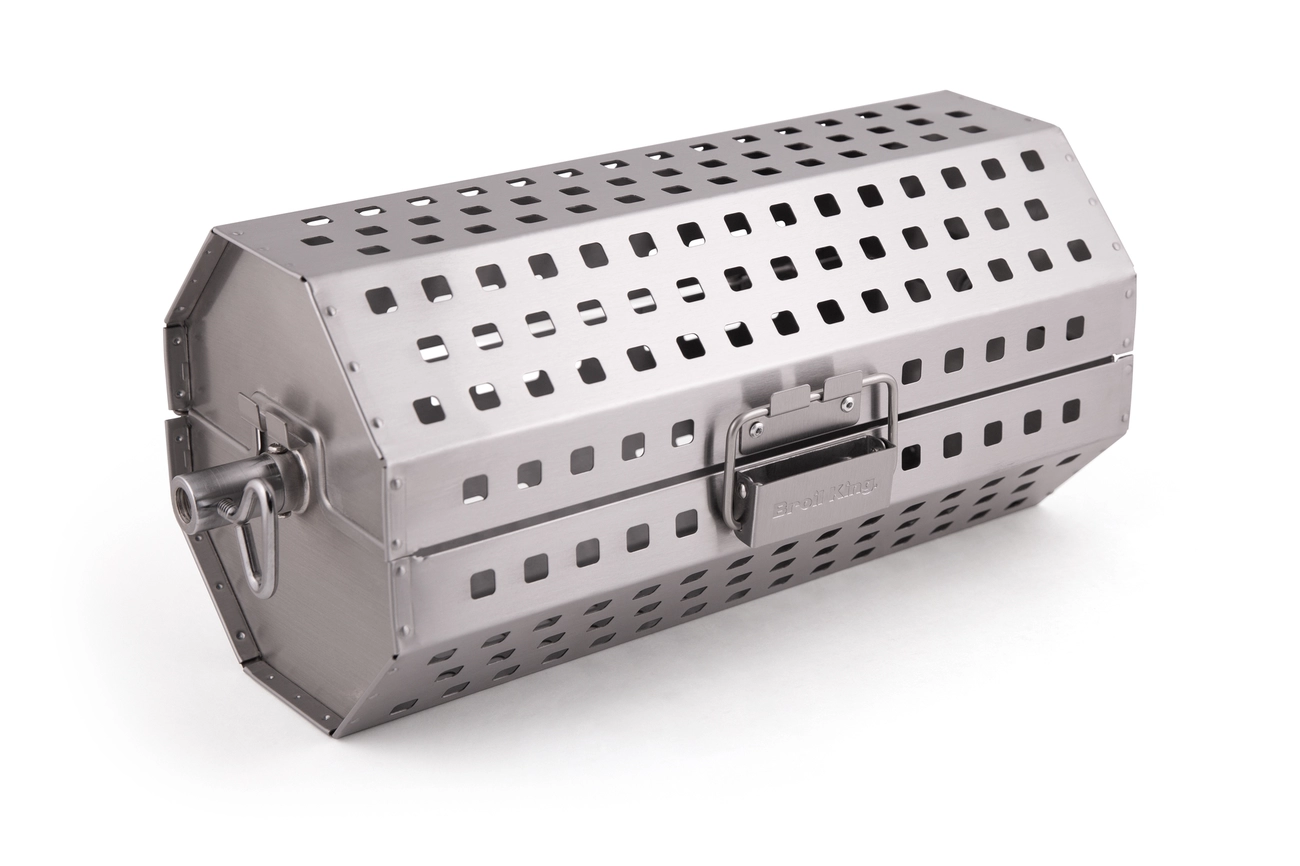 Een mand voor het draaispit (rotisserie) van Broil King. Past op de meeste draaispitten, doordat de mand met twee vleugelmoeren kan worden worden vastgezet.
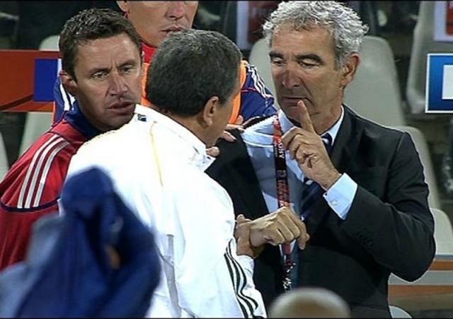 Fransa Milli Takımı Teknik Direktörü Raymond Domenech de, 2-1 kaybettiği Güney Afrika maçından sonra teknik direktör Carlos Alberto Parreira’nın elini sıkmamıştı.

::::::::

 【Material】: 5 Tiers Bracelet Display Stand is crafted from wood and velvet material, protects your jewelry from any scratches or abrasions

::::::::

### The task
Find the line with "Een mand voor" in the data above, and from there retype each line exactly through the line with "Fransa Milli Takımı", skipping the pictures along the way.

### Written response
 Een mand voor het draaispit (rotisserie) van Broil King. Past op de meeste draaispitten, doordat de mand met twee vleugelmoeren kan worden worden vastgezet.
 Fransa Milli Takımı Teknik Direktörü Raymond Domenech de, 2-1 kaybettiği Güney Afrika maçından sonra teknik direktör Carlos Alberto Parreira’nın elini sıkmamıştı.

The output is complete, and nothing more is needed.